Laurent Peyrelade

Personal information
- Date of birth: 7 April 1970 (age 56)
- Place of birth: Limoges, France
- Height: 1.80 m (5 ft 11 in)
- Position: Forward

Team information
- Current team: Bastia (manager)

Senior career*
- Years: Team / Apps / (Gls)
- 1990–1993: Brive / 1 / (0)
- 1993–1994: Pau / 11 / (3)
- 1994–1995: Brive / 34 / (18)
- 1995–1996: Nantes / 21 / (0)
- 1996–1997: Le Mans / 35 / (1)
- 1997–2001: Lille / 126 / (36)
- 2001–2002: Sedan / 20 / (3)
- 2002–2005: Le Mans / 91 / (14)

Managerial career
- 2015–2022: Rodez
- 2023: Versailles
- 2024: Grenoble
- 2026: RCO Agde
- 2026–: Bastia

= Laurent Peyrelade =

French footballer and manager (born 1970)

Laurent Peyrelade (born 7 April 1970) is a French football manager and former player who is the head coach of club Bastia.
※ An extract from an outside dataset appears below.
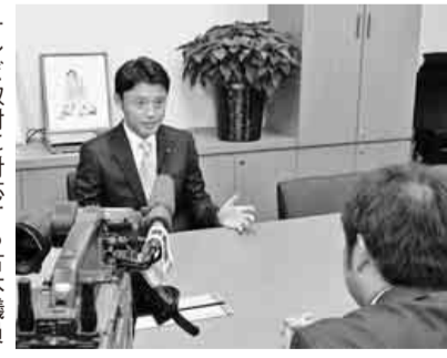
テレビ取材に対応する古本議員

いつもお世話になります。選挙区は、豊田市とみよし市です。自動車と県下屈指の農業、多くを占める森林、矢作川が三河湾まで流れます。この豊かな地域が大好きです。 さて、初当選から「税は社会を創る」という信念で取り組んで参りました。京都を訪れた方は、ご存知と思いますが京の町家はうなぎの寝床と言われます。かつて、間口の幅で税金が決まり商人たちが間口を狭くして節税したためです。細長い通路を抜ければ、奥にはお屋敷がある町並みができました。税制により社会を創る、町並みさえ変えることができるのです。小職は、一昨年の1年間は財務大臣政務官として政府税調を運営して参りました。そして、昨年の1年間は党の税制改正PTの事務局長として党側から23年度税制改正にあたり皆様から頂いた声を党として提言して参りました。 そこで、所得の再分配機能の見直しを紹介します。現在、日本の世帯収入は年収200万円を暮らす方々が1,000万世帯を超えます。一方、年収1,500万円を超える世帯は、自民党政権の時代に減税が行われてきました。物の値段が下がるデフレ経済から脱却できない中、政治はどうすべきか悩みました。結論は、一定の所得層以上、年収1,500万円の人を増税し、その財源を社会保障サービスとして低所得層の方々に給付すれば社会全体で支えあおうと考えました。難しい言葉ですが「所得の再分配」と言います。23年度の税制改正の目玉はこうした点を重視して個人所得税等を見直しました。年収200万円を暮らす方々の給料が少しでも上がりボーナスもきちんと支給されるだけの仕事があり、物が売れるのが一番です。 しかし、経営者も日々の運転資金に苦しみます。こうした状況を抜け出すには個人の可処分所得を増やすべきであり、そのために国家が所得を再分配することも意味があると考えます。 こうした税制を通じ本年が必ず良い年になります様、政治も頑張ります。 【古本伸一郎衆議院議員 記】

He played as a forward.

==Managerial career==
On 16 May 2015, Peyrelade became the manager of Rodez AF. On 4 April 2019, he helped manage Rodez into the Ligue 2 for the first time in 26 years. Peyrelade managed Rodez to finishes of 16th, 15th, and 17th in his three full seasons with the club in the second tier before his sacking in November 2022, with Rodez in the relegation positions.

==Personal life==
Peyrelade's managed his son Alexis Peyrelade while at Rodez.